Harvey reflects on 22 years with D/SAOC, H/OVC

-Messenger photo by Hans Madsen
Marie Harvey listens during the Domestic/Sexual Assault Outreach Center’s annual Domestic Violence Awareness Candlelight Vigil Thursday at St. Paul Lutheran Church in Fort Dodge.

Marie Harvey was fresh out of college in 2001 and looking for a job after she moved back home to Fort Dodge. She wasn’t too picky and when she found an opening that sort of aligned with her degree in children and family services, she went for it.

That job was as the house manager at the Domestic/Sexual Assault Outreach Center’s emergency shelter house.

“I was answering phones and tending to the clients’ needs,” Harvey said.

A couple months later, she became a counselor, and in the 22 years since, Harvey has filled just about every position in the organization, except for executive director and child advocate.

Most recently, she was the program supervisor for D/SAOC’s Homicide/Other Violent Crimes Program, which serves victims of violent crimes and their families as they process their loss and navigate the criminal justice system. Friday was her last day.

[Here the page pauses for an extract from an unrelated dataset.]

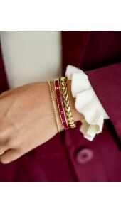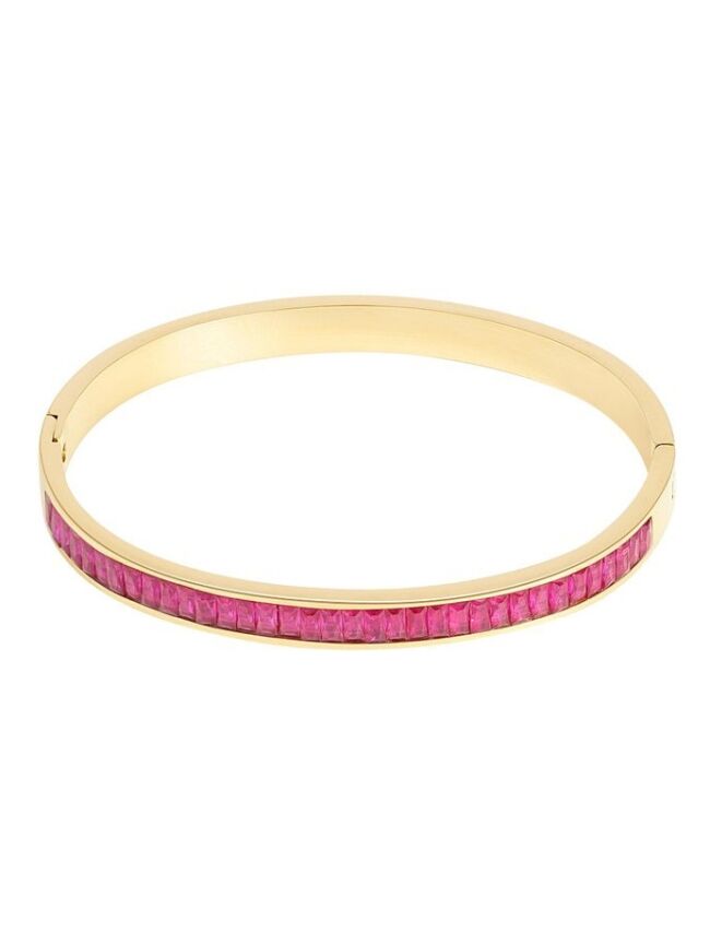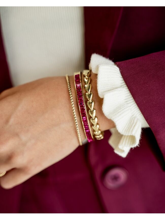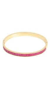 Hoe tof is deze gouden slavenarmband met superleuke fuchsia steentjes van Yehwang! De armband is het perfect te dragen tijdens een chique gelegenheid maar kan ook speels gedragen worden door meerdere armbandjes met elkaar te combineren. De armband is gemaakt van stainless steel met zirkoon en hebben een diameter van 5,8 cm.

Though she’s no longer with D/SAOC, Harvey isn’t going very far away — physically or in work. Starting next week, she’s going to be a victim/witness coordinator for the Iowa Attorney General’s Office’s Statewide Prosecutions Division. She’ll still live in Fort Dodge, but she will work cases throughout the state.

Harvey recalled her first time working with a homicide case. It was 2004 and the victim was actually a friend of hers. She was a counselor for D/SAOC at the time, but the director asked her to help out.

About six years later, she became a counselor and then program supervisor for H/OVC, which covers a 15-county region.

“I’ve worked with some really great people throughout the years, whether it’s my co-workers, law enforcement, my clients,” Harvey said. “I’d do it all over again.”

Recently, Harvey and her co-workers looked back at her two decades with D/SAOC and H/OVC and estimated that she has worked with around 5,000 clients. The bulk of that, she said, are clients she saw through the H/OVC program.

“There’s bits and pieces of each of them that stick out,” Harvey said of the clients she worked with.

Generally, she said the most memorable cases are those that involved children, but others have a solid spot in her memory, too.

“I remember going with a wife when she first went to go see her husband at a funeral home and hearing her wails,” Harvey said.

More than anything, she said, she remembers the resilience the victims and survivors and their families have shown through even the most horrific cases.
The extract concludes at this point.